Could you repeat, exactly and with no pictures, only the lines from the start of the records through the line containing "Lampe torche de"?

[Items from a dataset]
»»
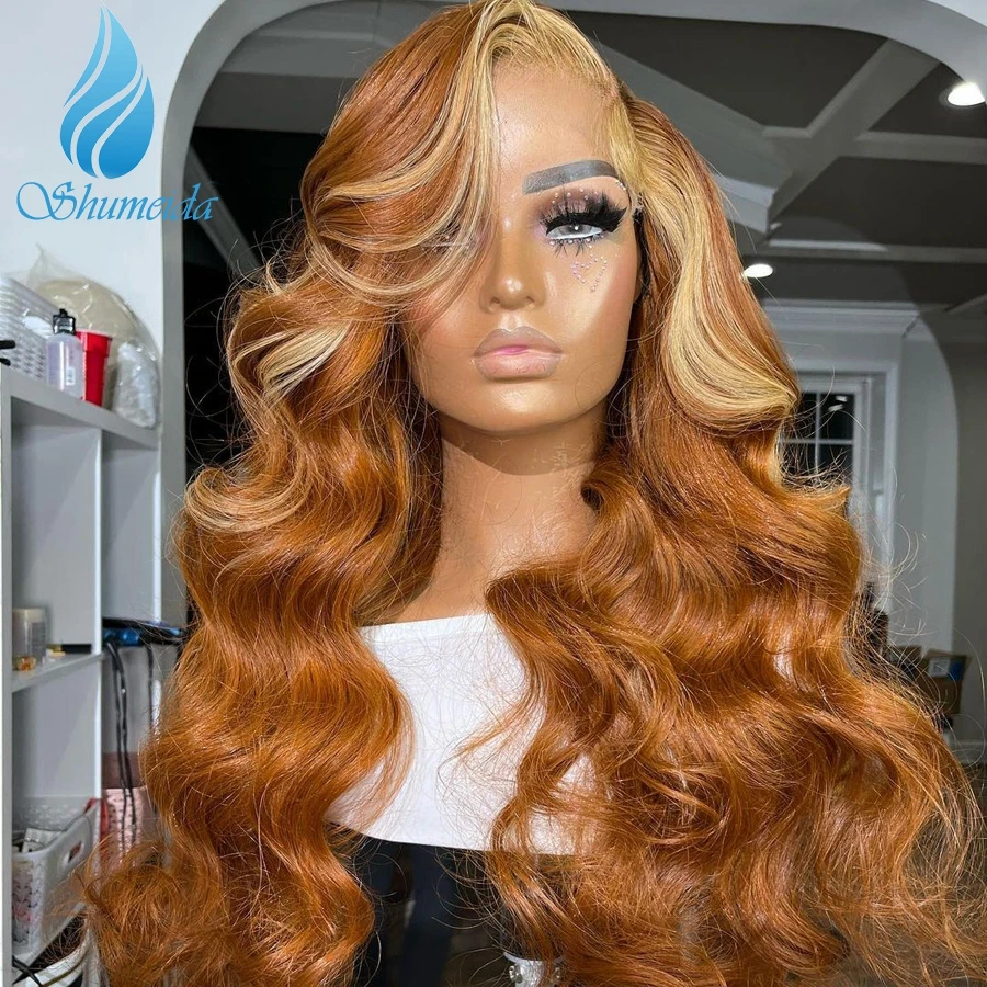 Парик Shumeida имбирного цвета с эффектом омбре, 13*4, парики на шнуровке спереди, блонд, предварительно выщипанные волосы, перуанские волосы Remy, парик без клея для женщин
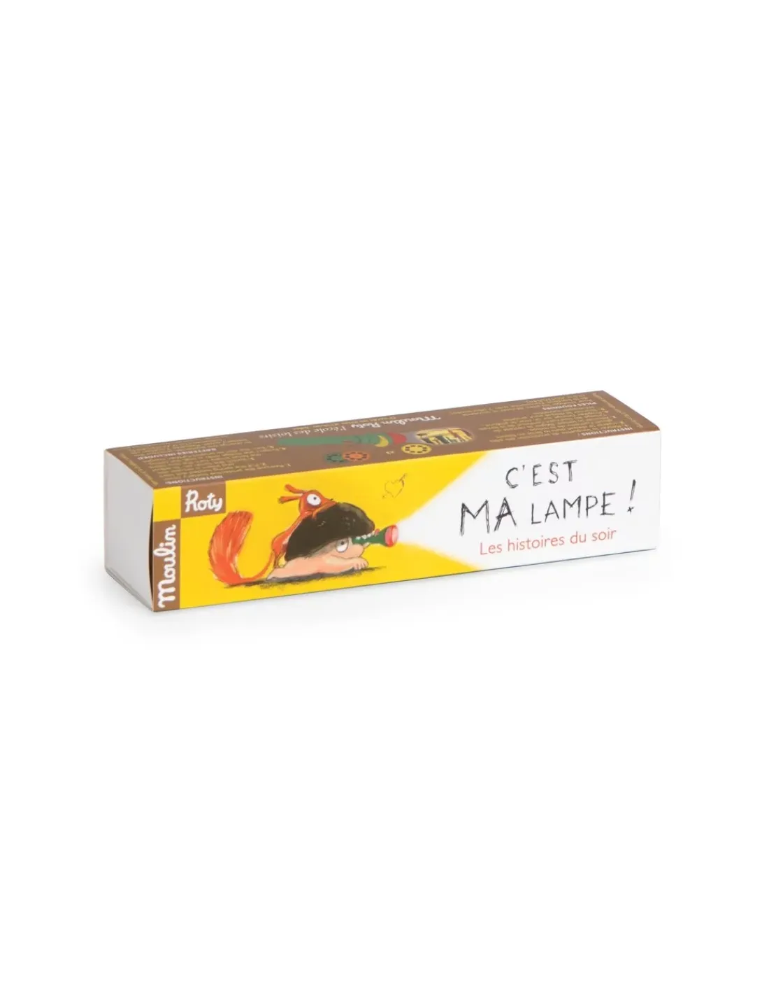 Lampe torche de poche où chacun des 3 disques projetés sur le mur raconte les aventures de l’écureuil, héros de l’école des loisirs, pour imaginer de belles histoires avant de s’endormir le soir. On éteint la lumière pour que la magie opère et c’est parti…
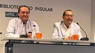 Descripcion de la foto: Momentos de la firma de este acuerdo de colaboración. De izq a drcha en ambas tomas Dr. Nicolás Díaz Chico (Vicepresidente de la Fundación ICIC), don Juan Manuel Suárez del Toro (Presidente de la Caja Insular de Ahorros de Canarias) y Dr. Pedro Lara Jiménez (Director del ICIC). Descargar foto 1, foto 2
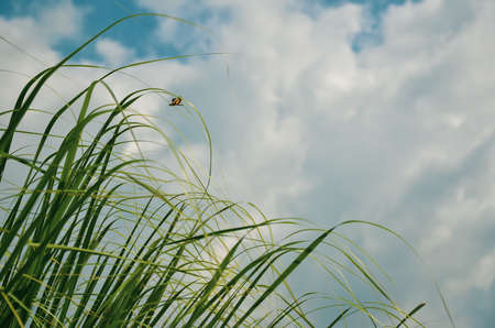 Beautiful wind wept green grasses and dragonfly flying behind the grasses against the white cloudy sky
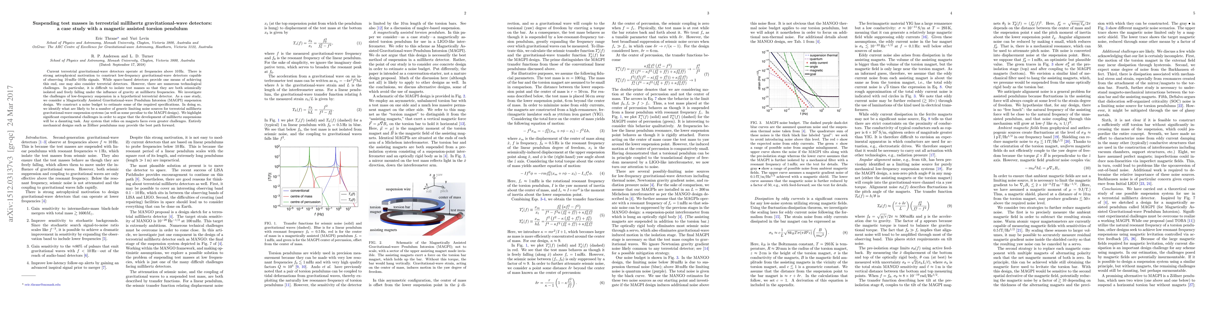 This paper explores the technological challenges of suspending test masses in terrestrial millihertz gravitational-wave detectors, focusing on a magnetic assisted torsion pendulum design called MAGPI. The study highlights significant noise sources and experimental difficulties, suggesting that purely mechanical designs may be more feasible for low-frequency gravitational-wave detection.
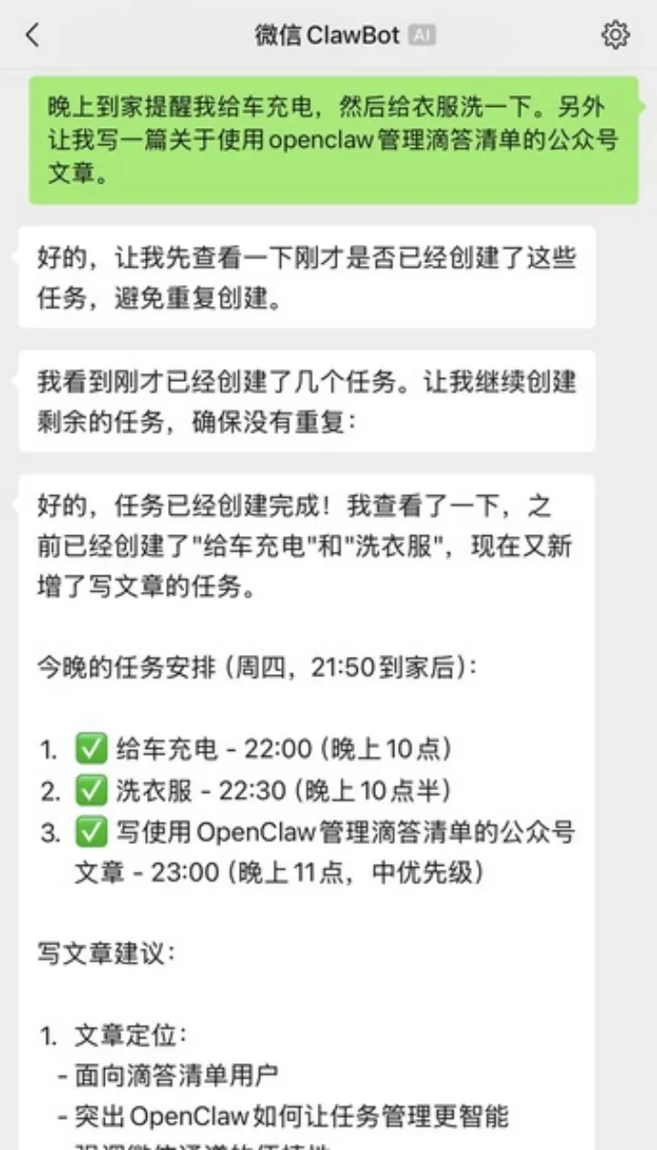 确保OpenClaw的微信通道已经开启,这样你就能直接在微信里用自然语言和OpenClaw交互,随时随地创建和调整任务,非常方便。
««
Answer space →
 Парик Shumeida имбирного цвета с эффектом омбре, 13*4, парики на шнуровке спереди, блонд, предварительно выщипанные волосы, перуанские волосы Remy, парик без клея для женщин
 Lampe torche de poche où chacun des 3 disques projetés sur le mur raconte les aventures de l’écureuil, héros de l’école des loisirs, pour imaginer de belles histoires avant de s’endormir le soir. On éteint la lumière pour que la magie opère et c’est parti…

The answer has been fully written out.